■ Brief ■
Within the entries below, the lines from the one with "- 5D Diamond" through the one with "今回の鍼灸院ホームページ制作" are to be set down exactly, both ends kept.

(Data records)
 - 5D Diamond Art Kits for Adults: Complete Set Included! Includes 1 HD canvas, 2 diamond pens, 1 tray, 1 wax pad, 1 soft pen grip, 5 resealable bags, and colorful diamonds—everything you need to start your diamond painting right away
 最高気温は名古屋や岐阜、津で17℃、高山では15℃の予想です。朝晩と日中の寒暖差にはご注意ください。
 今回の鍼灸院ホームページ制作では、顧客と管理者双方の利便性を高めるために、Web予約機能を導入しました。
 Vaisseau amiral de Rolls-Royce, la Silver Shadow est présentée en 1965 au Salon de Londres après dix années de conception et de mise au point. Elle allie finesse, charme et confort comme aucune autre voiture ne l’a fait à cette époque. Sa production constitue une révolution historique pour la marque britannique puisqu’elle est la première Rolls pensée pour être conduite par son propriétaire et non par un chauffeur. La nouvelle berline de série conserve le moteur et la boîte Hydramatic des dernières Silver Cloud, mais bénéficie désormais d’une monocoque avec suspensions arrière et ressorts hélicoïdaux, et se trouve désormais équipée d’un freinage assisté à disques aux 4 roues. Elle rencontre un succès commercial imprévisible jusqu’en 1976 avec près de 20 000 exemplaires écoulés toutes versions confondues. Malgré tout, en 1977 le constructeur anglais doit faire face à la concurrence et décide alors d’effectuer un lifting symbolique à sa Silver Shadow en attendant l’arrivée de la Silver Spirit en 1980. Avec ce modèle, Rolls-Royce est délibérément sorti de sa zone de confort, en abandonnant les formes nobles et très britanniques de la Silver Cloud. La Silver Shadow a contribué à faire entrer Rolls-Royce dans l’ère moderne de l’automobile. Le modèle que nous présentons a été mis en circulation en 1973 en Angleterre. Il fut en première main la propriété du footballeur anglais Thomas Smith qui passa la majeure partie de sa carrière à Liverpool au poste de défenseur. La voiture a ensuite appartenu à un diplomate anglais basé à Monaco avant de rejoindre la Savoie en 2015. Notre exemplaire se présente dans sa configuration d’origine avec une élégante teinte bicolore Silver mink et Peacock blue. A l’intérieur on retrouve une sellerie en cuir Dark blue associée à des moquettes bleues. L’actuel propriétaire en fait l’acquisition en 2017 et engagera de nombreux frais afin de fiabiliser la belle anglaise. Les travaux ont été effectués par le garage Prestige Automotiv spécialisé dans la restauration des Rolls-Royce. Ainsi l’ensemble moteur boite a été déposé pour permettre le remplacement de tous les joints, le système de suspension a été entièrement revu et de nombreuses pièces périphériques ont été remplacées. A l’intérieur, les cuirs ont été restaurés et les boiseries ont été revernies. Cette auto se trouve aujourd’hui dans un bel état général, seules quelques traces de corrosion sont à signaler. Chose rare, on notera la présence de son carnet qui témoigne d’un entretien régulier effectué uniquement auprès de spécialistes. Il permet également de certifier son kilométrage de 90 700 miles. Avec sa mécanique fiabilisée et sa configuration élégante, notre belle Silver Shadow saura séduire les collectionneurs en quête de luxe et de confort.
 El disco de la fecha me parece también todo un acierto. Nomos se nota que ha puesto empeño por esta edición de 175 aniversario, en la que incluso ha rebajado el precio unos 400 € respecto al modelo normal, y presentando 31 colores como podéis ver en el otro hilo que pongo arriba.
...
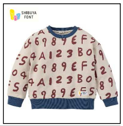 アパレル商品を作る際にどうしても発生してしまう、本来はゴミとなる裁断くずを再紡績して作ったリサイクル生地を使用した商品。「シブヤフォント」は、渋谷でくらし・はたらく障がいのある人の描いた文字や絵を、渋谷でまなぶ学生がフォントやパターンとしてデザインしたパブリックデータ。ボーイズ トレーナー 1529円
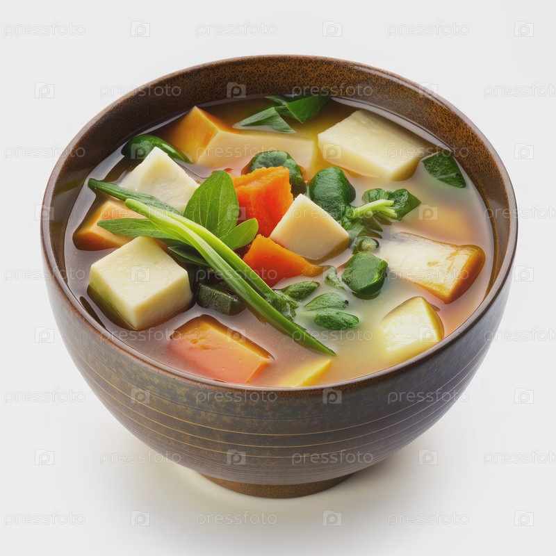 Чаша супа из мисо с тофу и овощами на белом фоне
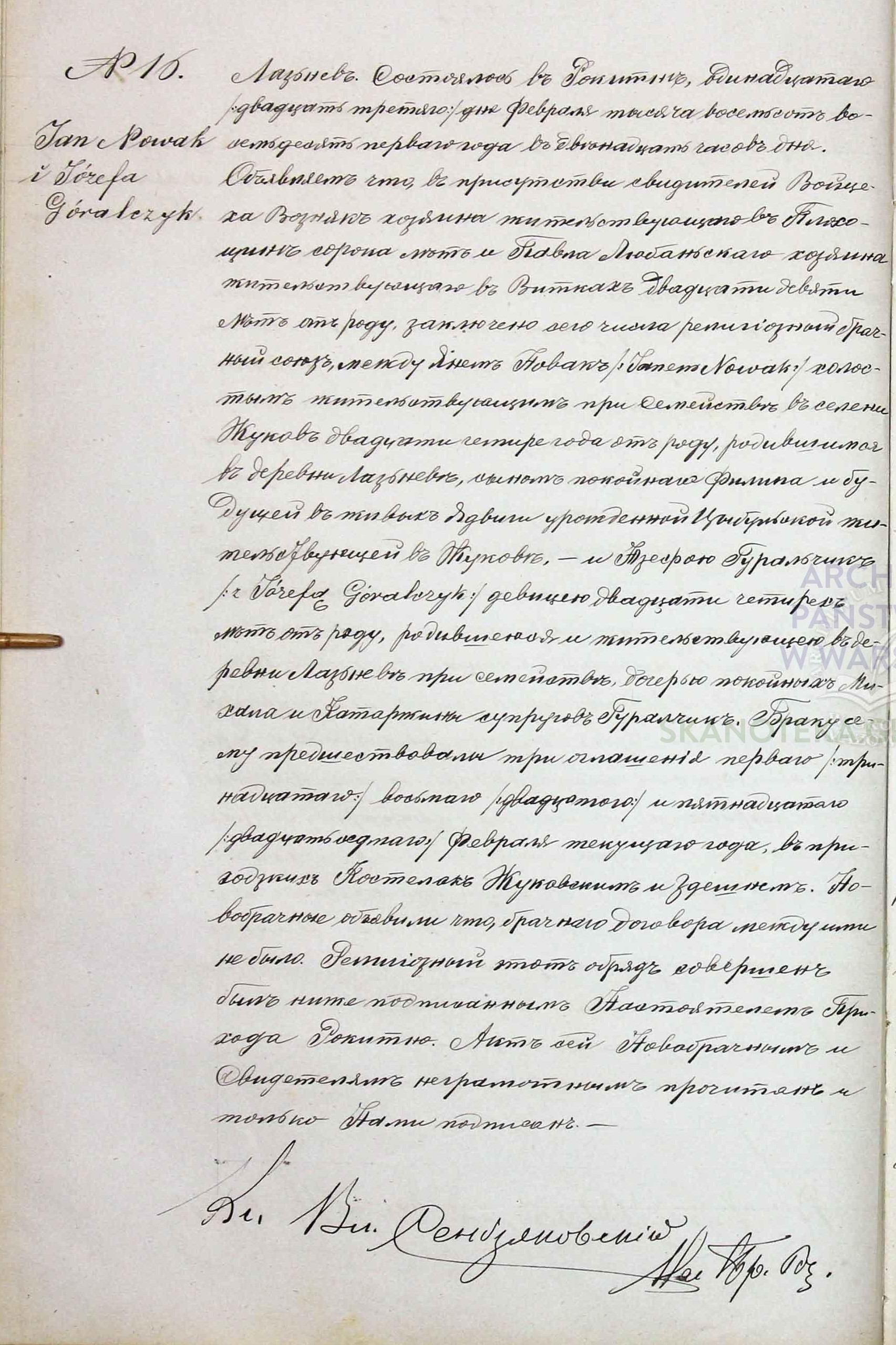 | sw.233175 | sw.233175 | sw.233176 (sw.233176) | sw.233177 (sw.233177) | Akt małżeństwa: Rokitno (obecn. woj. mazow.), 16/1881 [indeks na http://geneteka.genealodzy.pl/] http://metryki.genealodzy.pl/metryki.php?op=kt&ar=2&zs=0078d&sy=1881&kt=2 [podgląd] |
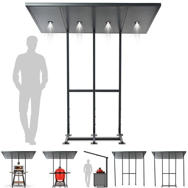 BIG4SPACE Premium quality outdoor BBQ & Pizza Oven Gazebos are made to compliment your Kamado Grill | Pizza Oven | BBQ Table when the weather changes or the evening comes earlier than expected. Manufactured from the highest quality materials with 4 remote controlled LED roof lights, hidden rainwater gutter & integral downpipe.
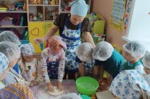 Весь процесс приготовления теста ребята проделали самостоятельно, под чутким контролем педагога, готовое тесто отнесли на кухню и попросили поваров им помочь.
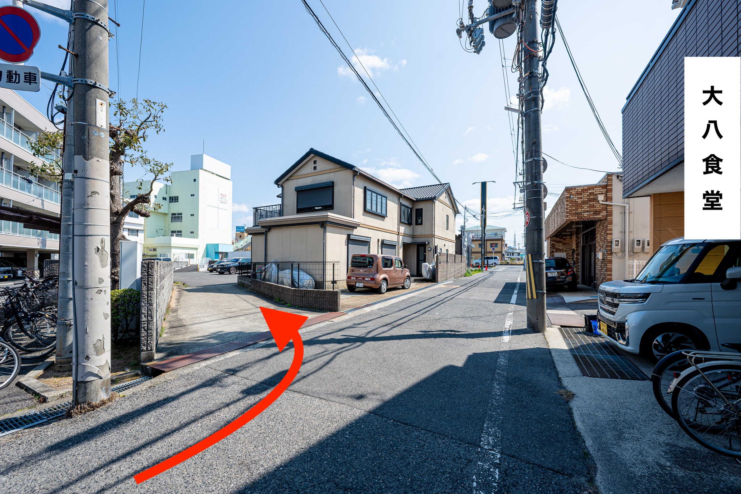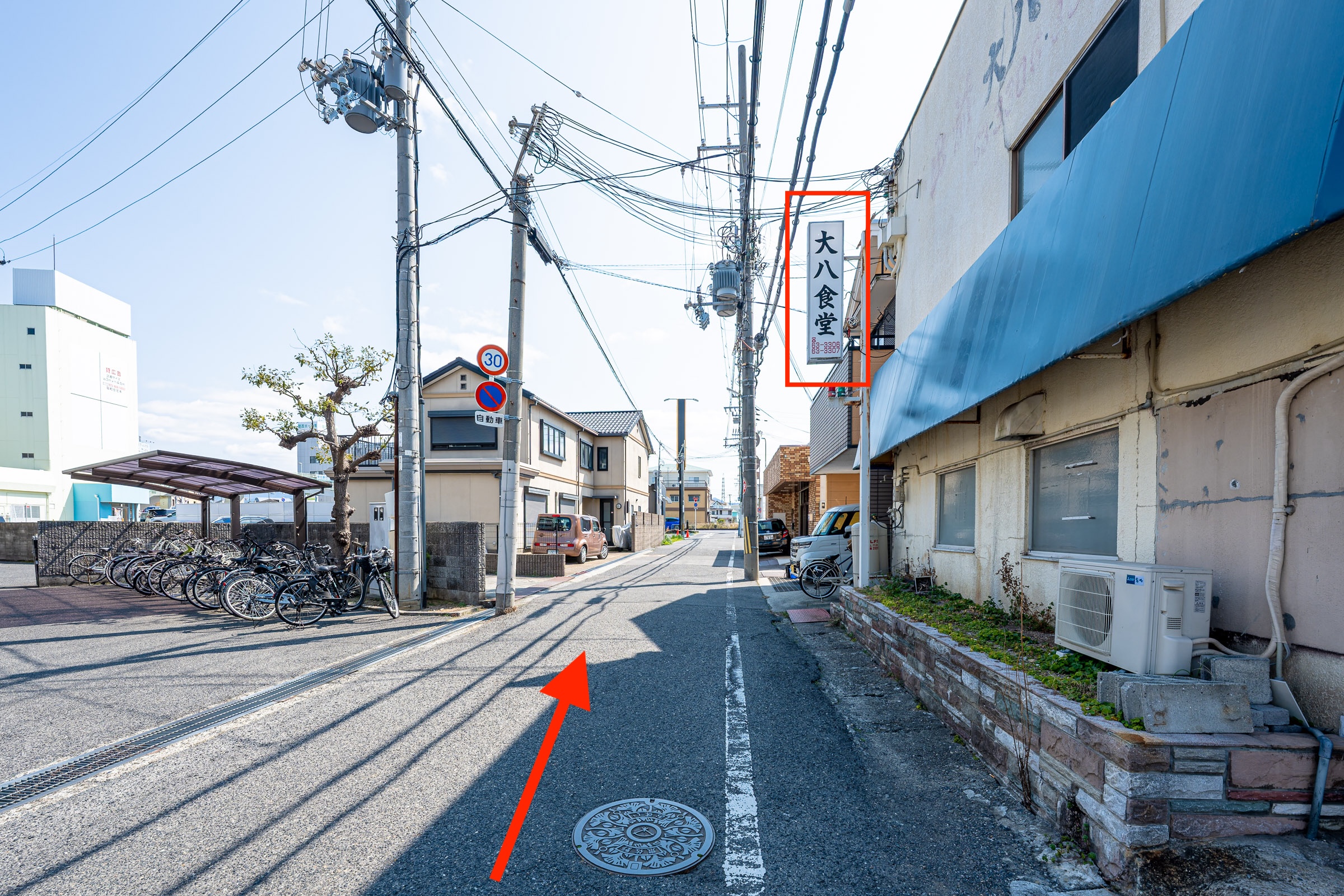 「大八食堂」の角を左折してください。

■ Solved problem ■
 - 5D Diamond Art Kits for Adults: Complete Set Included! Includes 1 HD canvas, 2 diamond pens, 1 tray, 1 wax pad, 1 soft pen grip, 5 resealable bags, and colorful diamonds—everything you need to start your diamond painting right away
 最高気温は名古屋や岐阜、津で17℃、高山では15℃の予想です。朝晩と日中の寒暖差にはご注意ください。
 今回の鍼灸院ホームページ制作では、顧客と管理者双方の利便性を高めるために、Web予約機能を導入しました。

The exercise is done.